Problem description => Write out exactly, and only, the lines below from the line with "Strong workplace cupboard" through the line with "The Chlorine Tree"; pictures do not belong in the copy.

Data provided =>
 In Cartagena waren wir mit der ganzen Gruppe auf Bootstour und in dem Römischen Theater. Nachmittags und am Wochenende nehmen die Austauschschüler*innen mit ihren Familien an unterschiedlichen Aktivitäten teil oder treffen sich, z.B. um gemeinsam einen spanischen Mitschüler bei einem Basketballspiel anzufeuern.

* * *

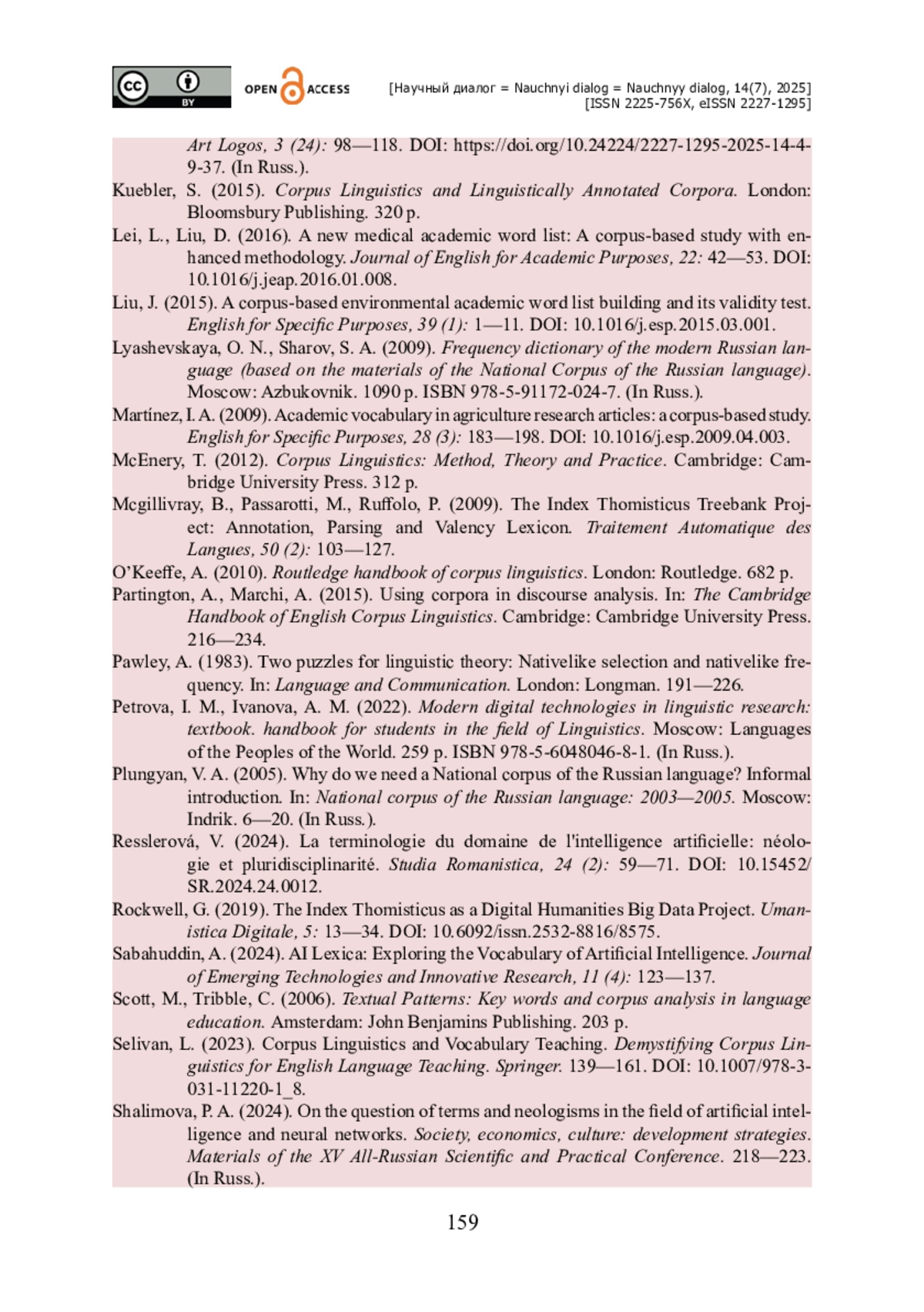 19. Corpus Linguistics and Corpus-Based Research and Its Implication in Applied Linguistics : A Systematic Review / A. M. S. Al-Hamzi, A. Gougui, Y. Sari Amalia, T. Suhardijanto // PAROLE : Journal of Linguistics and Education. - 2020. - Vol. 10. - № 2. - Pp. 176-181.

--

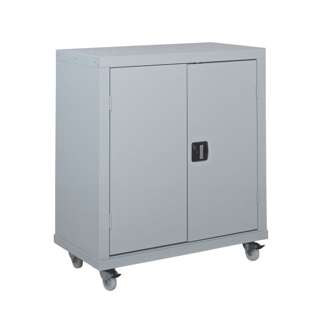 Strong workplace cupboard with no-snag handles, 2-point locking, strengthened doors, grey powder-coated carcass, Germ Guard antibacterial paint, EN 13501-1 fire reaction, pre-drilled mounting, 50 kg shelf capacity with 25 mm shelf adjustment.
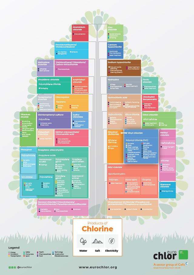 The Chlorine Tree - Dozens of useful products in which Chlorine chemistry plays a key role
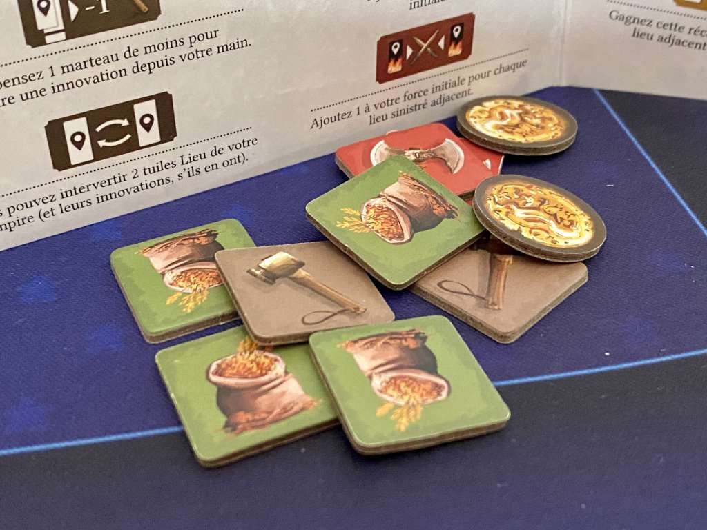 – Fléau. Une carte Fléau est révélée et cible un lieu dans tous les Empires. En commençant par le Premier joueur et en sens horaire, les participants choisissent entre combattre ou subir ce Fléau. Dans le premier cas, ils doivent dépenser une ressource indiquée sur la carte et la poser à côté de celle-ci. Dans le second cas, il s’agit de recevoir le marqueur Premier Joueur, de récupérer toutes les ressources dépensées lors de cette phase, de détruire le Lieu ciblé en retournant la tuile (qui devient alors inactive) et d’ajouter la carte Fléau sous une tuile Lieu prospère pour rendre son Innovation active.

Solution =>
 Strong workplace cupboard with no-snag handles, 2-point locking, strengthened doors, grey powder-coated carcass, Germ Guard antibacterial paint, EN 13501-1 fire reaction, pre-drilled mounting, 50 kg shelf capacity with 25 mm shelf adjustment.
 The Chlorine Tree - Dozens of useful products in which Chlorine chemistry plays a key role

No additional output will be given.